WHAT THIS TASK INVOLVES:
Reproduce each record exactly. The pictures should be skipped.

THE RECORDS:
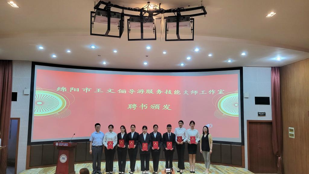 赛后,旅游管理公司党总支书记苟安经和王文俪老师为绵阳市王文俪导游服务技能大师工作室员工成员颁发了聘书。(图文:张莲洁,李心蕊)
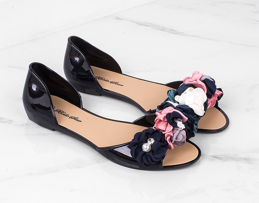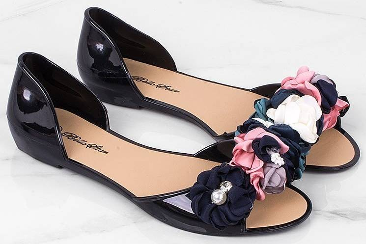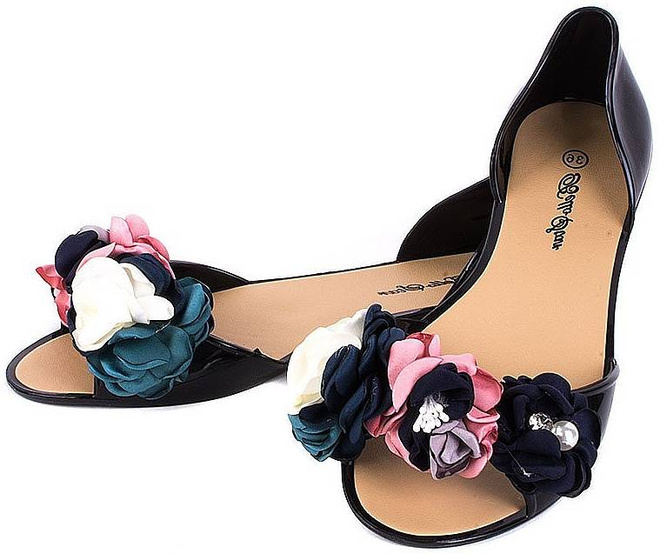 Lubisz chodzić w szpilkach, jednak Twoje stopy szybko się w nich męczą, dlatego czasem masz ochotę ściągnąć je i ubrać równie eleganckie obuwie na płaskiej podeszwie? Świetną alternatywą dla butów na obcasie będą gumowe baleriny z gustownym, modnym w tym sezonie kwiatowym zdobieniem na przodzie. Buty pięknie eksponują pedicure, dzięki wycięciu na palce, które w dodatku zapewnia stopom przewiew. Są bardzo lekkie, dzięki czemu nawet nie czuć, że ma się je na stopach. Meliski są ultrawygodne, więc możesz założyć je zawsze wtedy, gdy masz w planach dużo chodzić. Dobrze sprawdzą się na różnego rodzaju imprezach takich jak wesela i bale. Baleriny wykonane zostały z wysokiej jakości gumy, która jest łatwa w czyszczeniu, więc jeśli nie będziesz zapominać o systematycznej pielęgnacji, to będą służyć Ci dłużej niż jeden sezon.
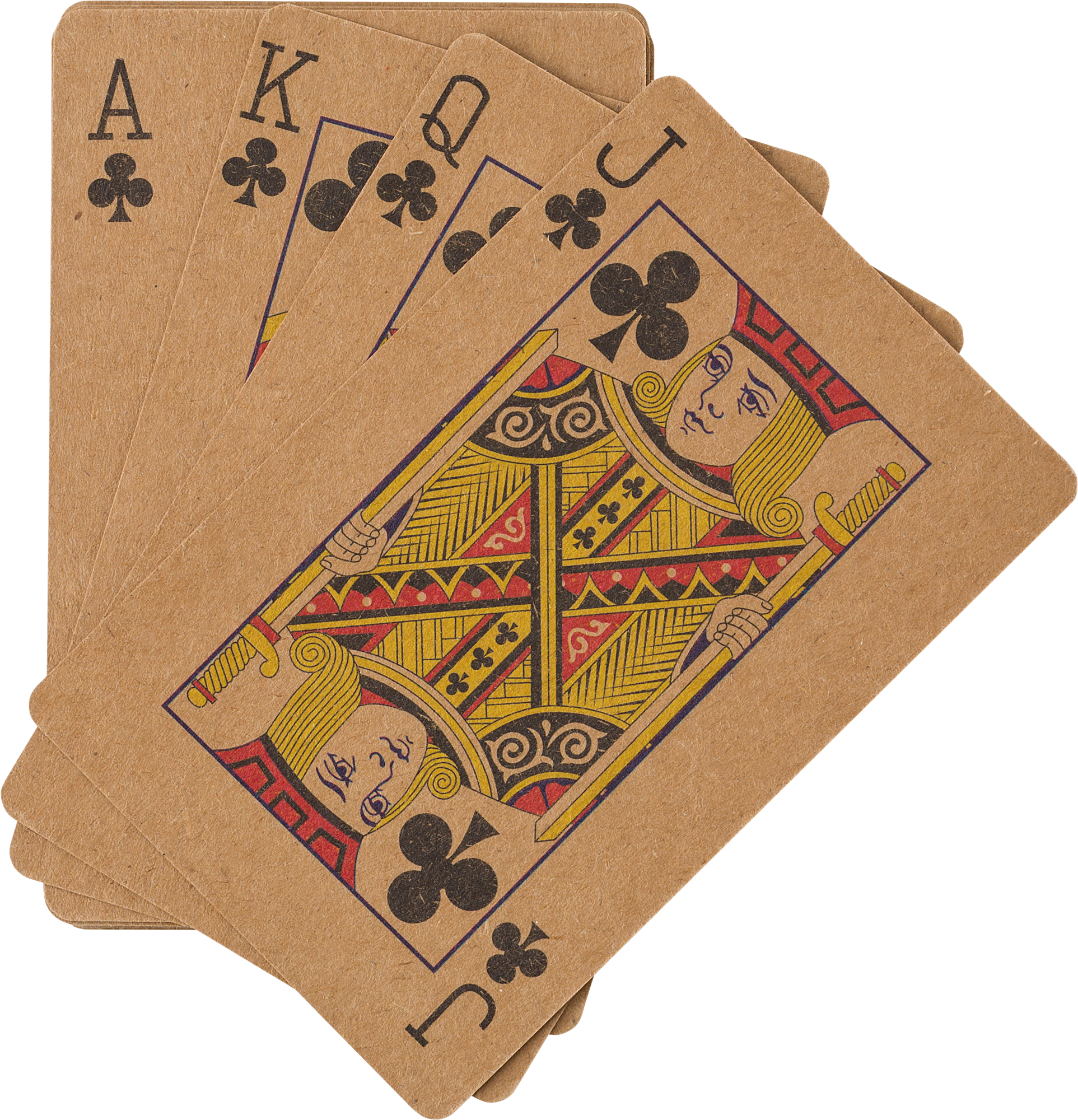 Recycled paper playing cards in a recycled cardboard box.
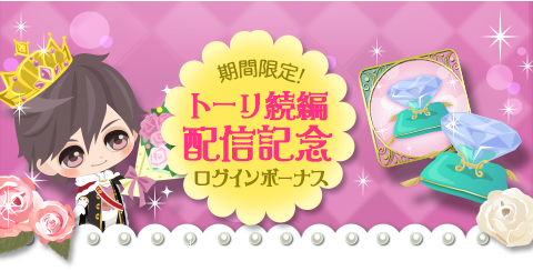 トーリ続編の配信を記念して、ログインボーナスを実施いたします。期間中アプリを起動してアイテムを手に入れてください。
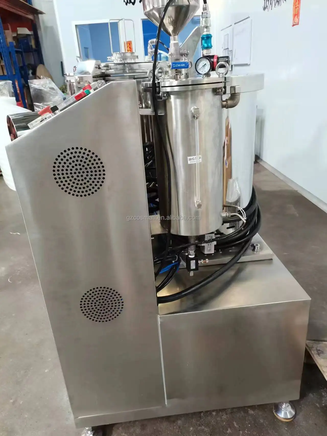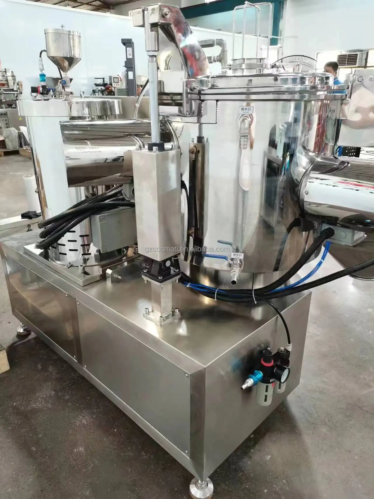 We have 2 factories, one was built in Jiangsu province, and mainly produce mixing tanks, vacuum emulsifier, and storage tanks, with 30 acres of space and with a pressure tank certificate. Another was built in Guangzhou city, mainly produce

WRITTEN RESPONSE:
 赛后,旅游管理公司党总支书记苟安经和王文俪老师为绵阳市王文俪导游服务技能大师工作室员工成员颁发了聘书。(图文:张莲洁,李心蕊)
 Lubisz chodzić w szpilkach, jednak Twoje stopy szybko się w nich męczą, dlatego czasem masz ochotę ściągnąć je i ubrać równie eleganckie obuwie na płaskiej podeszwie? Świetną alternatywą dla butów na obcasie będą gumowe baleriny z gustownym, modnym w tym sezonie kwiatowym zdobieniem na przodzie. Buty pięknie eksponują pedicure, dzięki wycięciu na palce, które w dodatku zapewnia stopom przewiew. Są bardzo lekkie, dzięki czemu nawet nie czuć, że ma się je na stopach. Meliski są ultrawygodne, więc możesz założyć je zawsze wtedy, gdy masz w planach dużo chodzić. Dobrze sprawdzą się na różnego rodzaju imprezach takich jak wesela i bale. Baleriny wykonane zostały z wysokiej jakości gumy, która jest łatwa w czyszczeniu, więc jeśli nie będziesz zapominać o systematycznej pielęgnacji, to będą służyć Ci dłużej niż jeden sezon.
 Recycled paper playing cards in a recycled cardboard box.
 トーリ続編の配信を記念して、ログインボーナスを実施いたします。期間中アプリを起動してアイテムを手に入れてください。
 We have 2 factories, one was built in Jiangsu province, and mainly produce mixing tanks, vacuum emulsifier, and storage tanks, with 30 acres of space and with a pressure tank certificate. Another was built in Guangzhou city, mainly produce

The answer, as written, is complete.